В тени первой половины фразы, увы, достоверной, столь же бесспорно выглядела вторая. Издание вместе с комментарием было повторено в 1982, 1983 и 1988 годах. А так как «Художественная литература» была, так сказать, законополагающим издательством художественной литературы в стране (в советской России в любой области существовало что-нибудь законополагающее: главное издательство, главный специалист и т. д.), то именно с этого издания перепечатывали и роман, и комментарий к нему многие другие издательства.
Версия о восьми «оставшихся в архиве» редакциях оказалась необыкновенно заманчивой, и на ней, как на постаменте, начала выстраиваться новая легенда: дескать, существует ряд прекрасных и законченных редакций-романов «Мастер и Маргарита», из которых каждый не хуже другого, и следующую редакцию автор создавал только потому, что не мог опубликовать предыдущую. Высказывались сожаления, что не изданы другие редакции-романы, появились обещания, что рано или поздно в свет выйдут все, а потом за обещаниями последовали деяния. Впрочем, о деяниях ниже.
Читатели доверчиво принимают печатное слово: написано восемь — значит восемь. А исследователи? Неужто у исследователей не возникало желания посмотреть, что там на самом деле?
Придется признать, что если такое желание и возникало, оно отнюдь не получало поддержки: с 1970 года архив Булгакова был закрыт. Правда, иногда кому-нибудь выдавалась драгоценная тетрадь, та или иная, по усмотрению сотрудника отдела рукописей. Об исследовании текста в целом, конечно, не могло быть и речи. Выбор счастливчика, которому выдавалась тетрадь, также принадлежал ответственному сотруднику отдела рукописей. Таким «счастливчиком» мог оказаться исследователь. Чаще же это бывал юный диссертант, не знавший, с чего бы начать изучение популярного писателя, и начинавший прямо с загадочных для него черновиков, хотя начинать лучше было бы с уже опубликованных текстов.
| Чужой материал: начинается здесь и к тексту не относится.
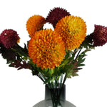 Large dahlia ball stems with plastic flowers and a wired shapable stem. Leaves are silk. Can be used to make arrangements with our other artificial flowers or as decorations on their own. Each stem measures 70cm overall height x 10cm. These are easy to cut down shorter using a pair of wire cutters if required. Some of our photos show vases to give an idea of size and possibilities for arrangement, but no vases or planters are included with this foliage.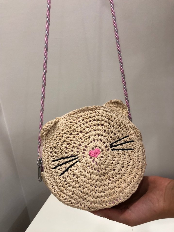 Pembe kalp burunlu ve bıyıklı kedi yüzü desenli bej renkli örgü çanta, pembe beyaz askıya sahiptir.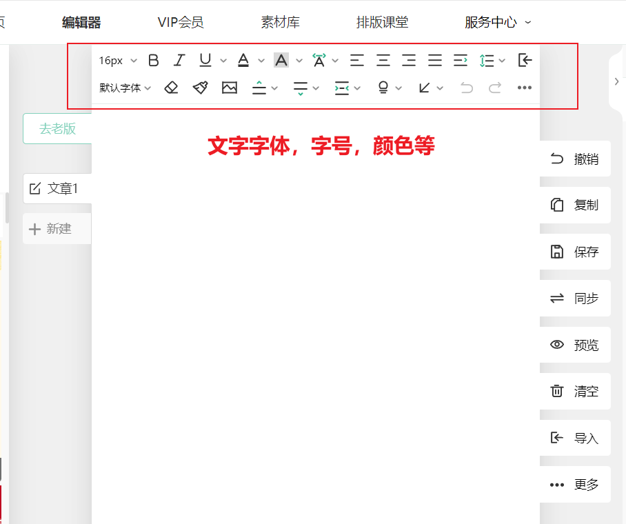 页面中间空白区域为编辑区,可以输入文字,编辑下图所示,编辑区顶部的位置,可以设置文字字号字体,调整间距,文字颜色等

И уверенной походкой входили в читальный зал очень далекие от литературы, но имевшие загадочные права «энтузиасты». В чужих и равнодушных руках беззащитные тетради ветшали, разваливались, теряли свое лицо...
Только в 1987 году, через семнадцать лет после смерти Е.С. Булгаковой, мне, исследователю и текстологу, стали выдавать рукописи романа — в связи с подготовкой «Мастера и Маргариты» к новому, серьезному переизданию. Не могу сказать, что теперь все стало просто. И выдавали не в той последовательности, в какой было необходимо, и нельзя было получить несколько «единиц хранения» сразу, чтобы сравнить особенности текста, характер тетради, бумаги, чернил, и был запрет на фотокопии, с которыми можно было бы продолжить работу дома, и, конечно же, глухое, правда, теперь любезное, сопротивление все тех же сотрудников отдела рукописей («Извините... забыли выполнить ваш заказ... приходите завтра... или лучше через неделю... через месяц...» И снова: «Извините... завтра...»). И все-таки, все-таки...
Деление рукописей романа на редакции, если этого не сделал автор, — процесс сложный и очень ответственный. Не исключено, что в будущем возникнут уточнения. И тем не менее в общих чертах этапы работы Булгакова над романом «Мастер и Маргарита» теперь просматриваются весьма четко.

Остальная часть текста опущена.